> THE DATA:
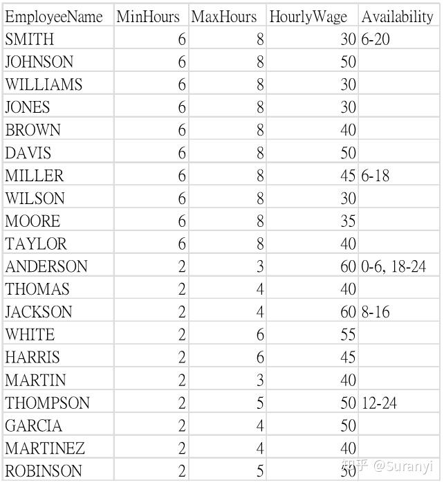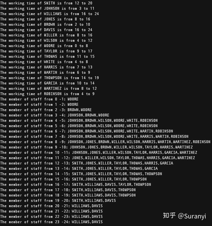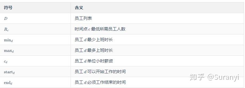# 更进一步,可以写为:MODEL.addConstrs(gurobipy.quicksum(x[d,i,j] for d in D for i in range(0, 24) for j in range(i + 1, 25) if i <= c < j) >= R[c] for c in C)
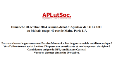 Mercredi 2 octobre 2024 à 19H, réunion-débat en visio organisée par Aplutsoc.
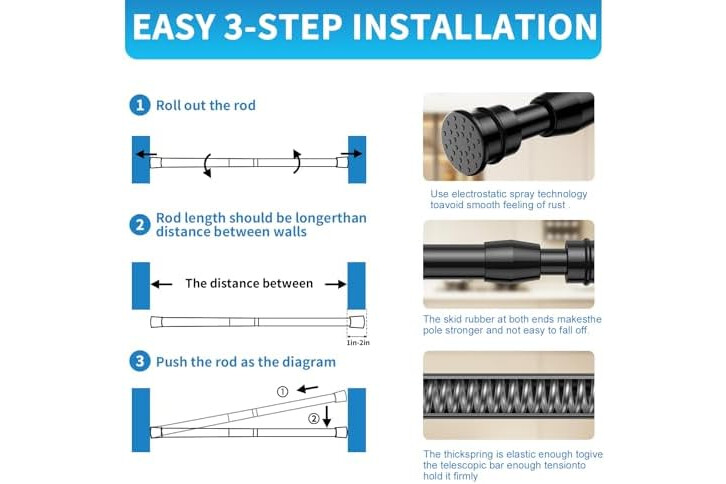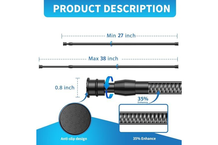 【Many Application Scenarios】 The length of curtain rod/shower curtain stall rod can extend from 27 to 38 inches, Easy to use, It can be used as curtain rod,shower curtain rod, clothes rod, room divider, thick fabric, etc. Easy to install; Just twist one end to adjust the length.
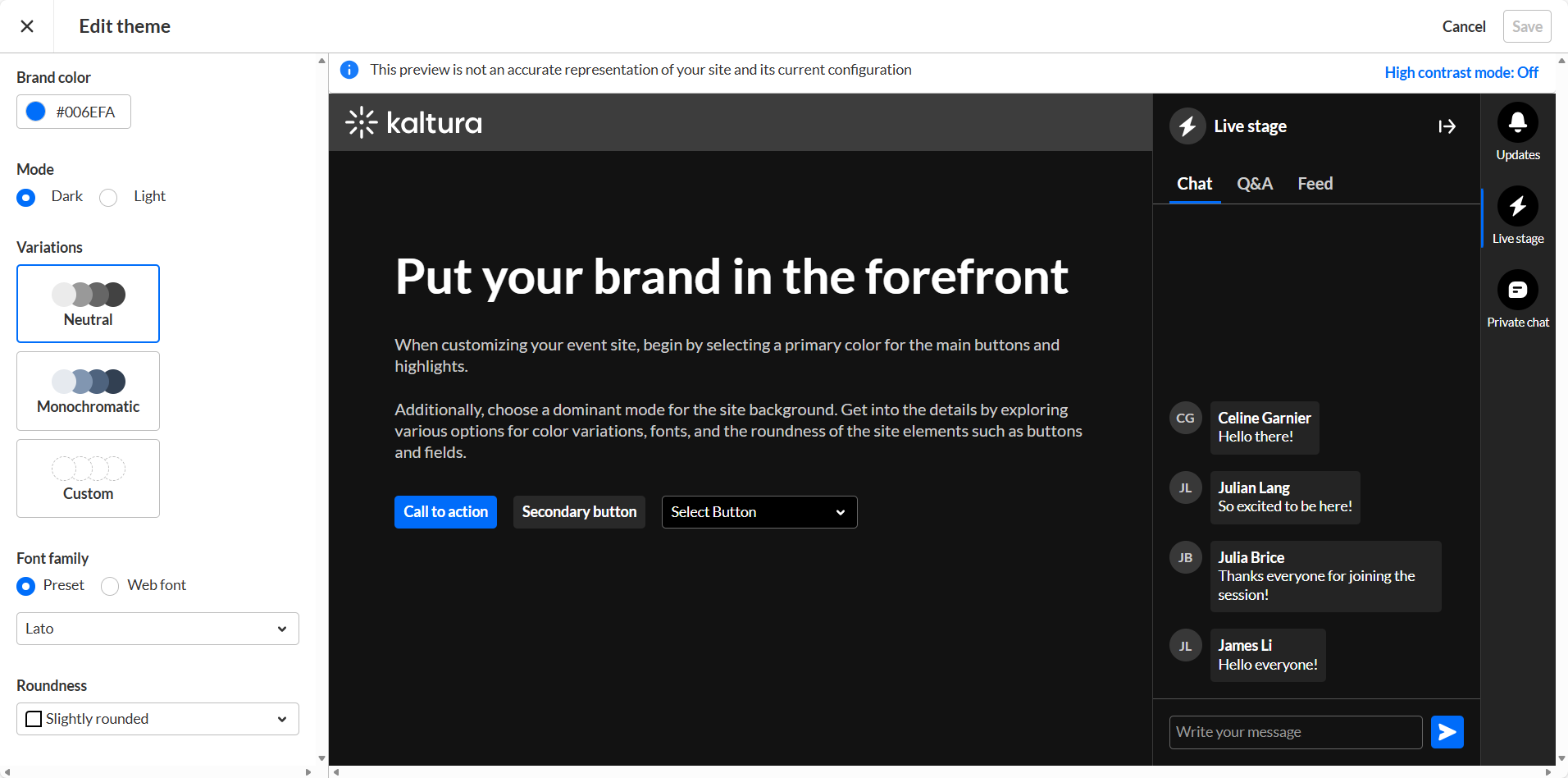 If your Kaltura Events account is configured with Custom Templates, and when creating your event, you chose a Custom Template (see Create an event), please do not edit the event theme on the Branding page. Doing so will override your Custom Template settings.
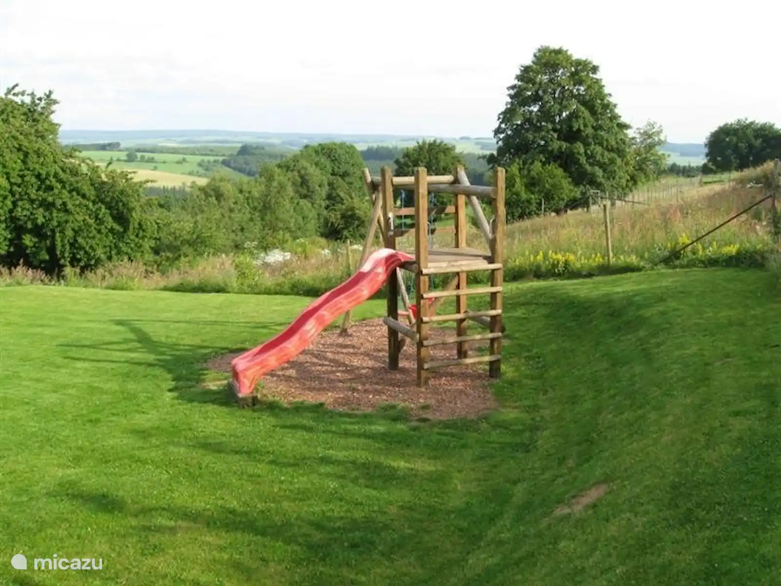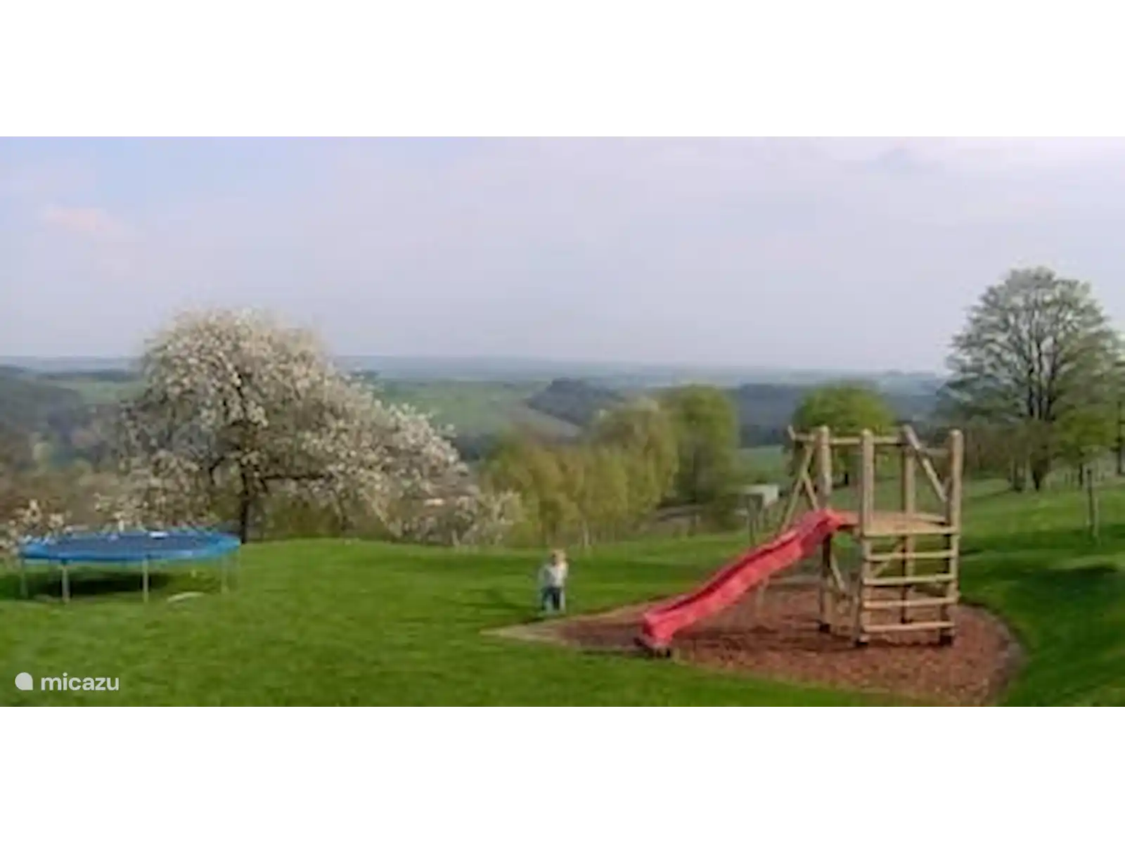 Aard van de tuin Op het grasveld bij het terras vind u speeltoestellen en een trampoline. Een groot speelveld van 400 m2 is aanwezig.
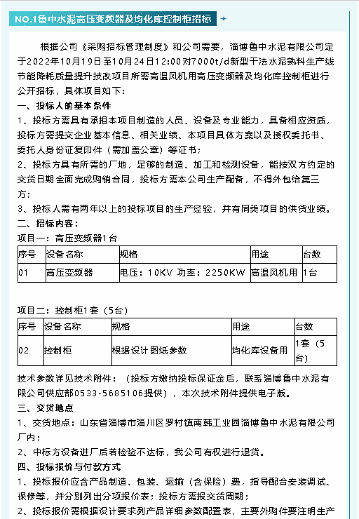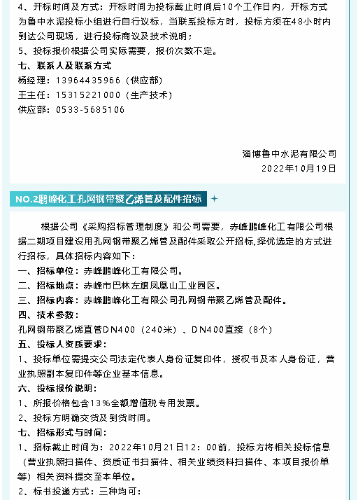 【招標(biāo)公告】魯中水泥、鵬峰化工、螢澤礦業(yè)

> WHAT YOU HAVE TO DO:
Copy the lines above exactly. Do not include pictures.

> EXERCISE SOLUTION:
# 更进一步,可以写为:MODEL.addConstrs(gurobipy.quicksum(x[d,i,j] for d in D for i in range(0, 24) for j in range(i + 1, 25) if i <= c < j) >= R[c] for c in C)
 Mercredi 2 octobre 2024 à 19H, réunion-débat en visio organisée par Aplutsoc.
 【Many Application Scenarios】 The length of curtain rod/shower curtain stall rod can extend from 27 to 38 inches, Easy to use, It can be used as curtain rod,shower curtain rod, clothes rod, room divider, thick fabric, etc. Easy to install; Just twist one end to adjust the length.
 If your Kaltura Events account is configured with Custom Templates, and when creating your event, you chose a Custom Template (see Create an event), please do not edit the event theme on the Branding page. Doing so will override your Custom Template settings.
 Aard van de tuin Op het grasveld bij het terras vind u speeltoestellen en een trampoline. Een groot speelveld van 400 m2 is aanwezig.
 【招標(biāo)公告】魯中水泥、鵬峰化工、螢澤礦業(yè)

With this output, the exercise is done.